## TASK:
Pictures stay out of the copy, and everything else in the data below is repeated exactly.

## SOURCE DATA:
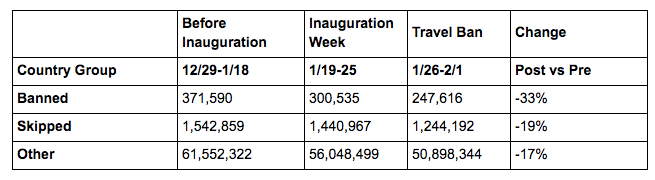 Flying into the US is also a terrible experience for US citizens and visitors alike. Not only are there long wait times for customs and immigration, we don't have the infrastructure to allow people to check bags through to final destinations. So if you want to travel from London to Grand Cayman via Miami, you need to recheck your bags after immigration, even though you aren't leaving the airport. Add in the recent proposed travel ban — which was subsequently blocked by the courts — and you have not only a very unfriendly image of travel to the US, but also a decrease in tourism dollars. A recent Financial Times story points out that flight searches for the US has dropped dramatically since the proposed travel ban:
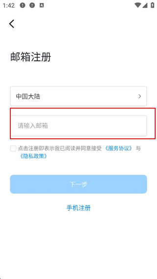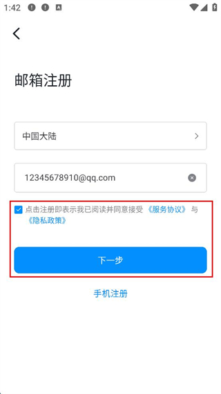 3、勾選點(diǎn)擊注冊(cè)即表示已閱讀并同意接受服務(wù)協(xié)議與隱私政策,點(diǎn)擊下一步。
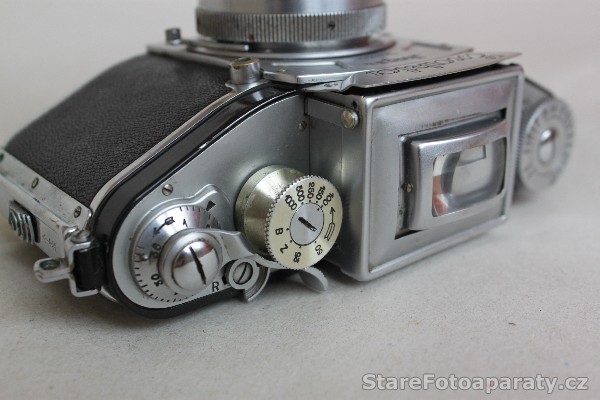 Jedná se o předválečný model s obdélníkovou lupou. Model 004 byl vyráběn v době od 03/1938 od v. č. 529.000 do 03/1940 do v. č. 596.924. Na začátku války byla vyrobena speciální série 400 kusů fotoaparátů s v. č. končícím 597.488. Tento fotoaparát je součástí uvedené série, neboť má v. č. 596.988. |
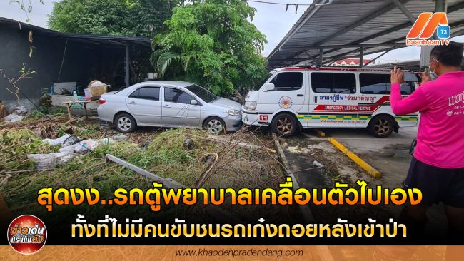 สุดงง..รถตู้พยาบาลเคลื่อนตัวไปเองทั้งที่ไม่มีคนขับชนรถเก๋งถอยหลังเข้าป่า

## SOLUTION TO THIS EXERCISE:
 Flying into the US is also a terrible experience for US citizens and visitors alike. Not only are there long wait times for customs and immigration, we don't have the infrastructure to allow people to check bags through to final destinations. So if you want to travel from London to Grand Cayman via Miami, you need to recheck your bags after immigration, even though you aren't leaving the airport. Add in the recent proposed travel ban — which was subsequently blocked by the courts — and you have not only a very unfriendly image of travel to the US, but also a decrease in tourism dollars. A recent Financial Times story points out that flight searches for the US has dropped dramatically since the proposed travel ban:
 3、勾選點(diǎn)擊注冊(cè)即表示已閱讀并同意接受服務(wù)協(xié)議與隱私政策,點(diǎn)擊下一步。
 Jedná se o předválečný model s obdélníkovou lupou. Model 004 byl vyráběn v době od 03/1938 od v. č. 529.000 do 03/1940 do v. č. 596.924. Na začátku války byla vyrobena speciální série 400 kusů fotoaparátů s v. č. končícím 597.488. Tento fotoaparát je součástí uvedené série, neboť má v. č. 596.988. |
 สุดงง..รถตู้พยาบาลเคลื่อนตัวไปเองทั้งที่ไม่มีคนขับชนรถเก๋งถอยหลังเข้าป่า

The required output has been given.